Event Sourcing en sistemas de pagos no es una preferencia de arquitectura sino el único mecanismo que garantiza trazabilidad matemática de cada transacción.

5 min read
Compartir:

En IberianHub realizamos auditorías donde la "auditabilidad" no es una palabra de marketing, sino un requisito legal. Hace unos meses, trabajando con una fintech española, vivimos una situación que resume por qué los sistemas críticos no pueden permitirse ser cajas negras: un regulador pidió demostrar exactamente qué había ocurrido con una transacción de 2.400 € que había fallado de forma parcial.

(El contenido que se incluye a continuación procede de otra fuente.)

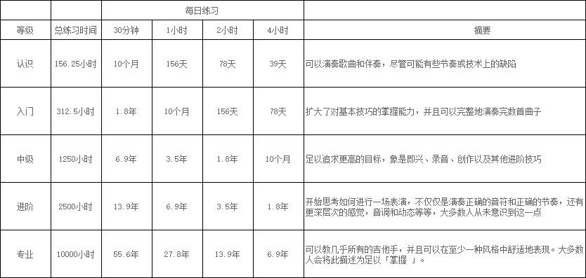 你每天有两个小时以上的时间可以练吉他,那么预计花两年的时间,你可以获得【中级】的程度。
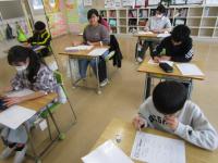 掃除の時間が終わると、子供たちは、自分でプリントを選んで

Al investigar, el equipo técnico se encontró con un muro de cristal. La base de datos solo mostraba el estado final: status = failed. Los logs de aplicación confirmaban el fallo, pero no explicaban la secuencia de decisiones. No había rastro de cuántas veces se intentó el cobro, en qué orden respondieron los proveedores externos, ni en qué milisegundo exacto el sistema decidió que ya no había vuelta atrás.

Se necesitaron dos días de ingeniería forense cruzando logs de Datadog, trazas de OpenTelemetry y conversaciones de Slack para reconstruir la historia. El problema no era un bug puntual; era una debilidad arquitectónica: el sistema guardaba el resultado, pero desechaba la decisión.

El dinero requiere una "Auditabilidad Matemática" Un sistema de pagos no es un e-commerce. Si un inventario falla, se corrige manualmente y el daño es reversible. En pagos, un estado inconsistente es dinero en el limbo. La pregunta que debe responder un sistema robusto no es "¿cuál es el estado actual?", sino "¿qué pasó, en qué orden y quién autorizó cada paso?".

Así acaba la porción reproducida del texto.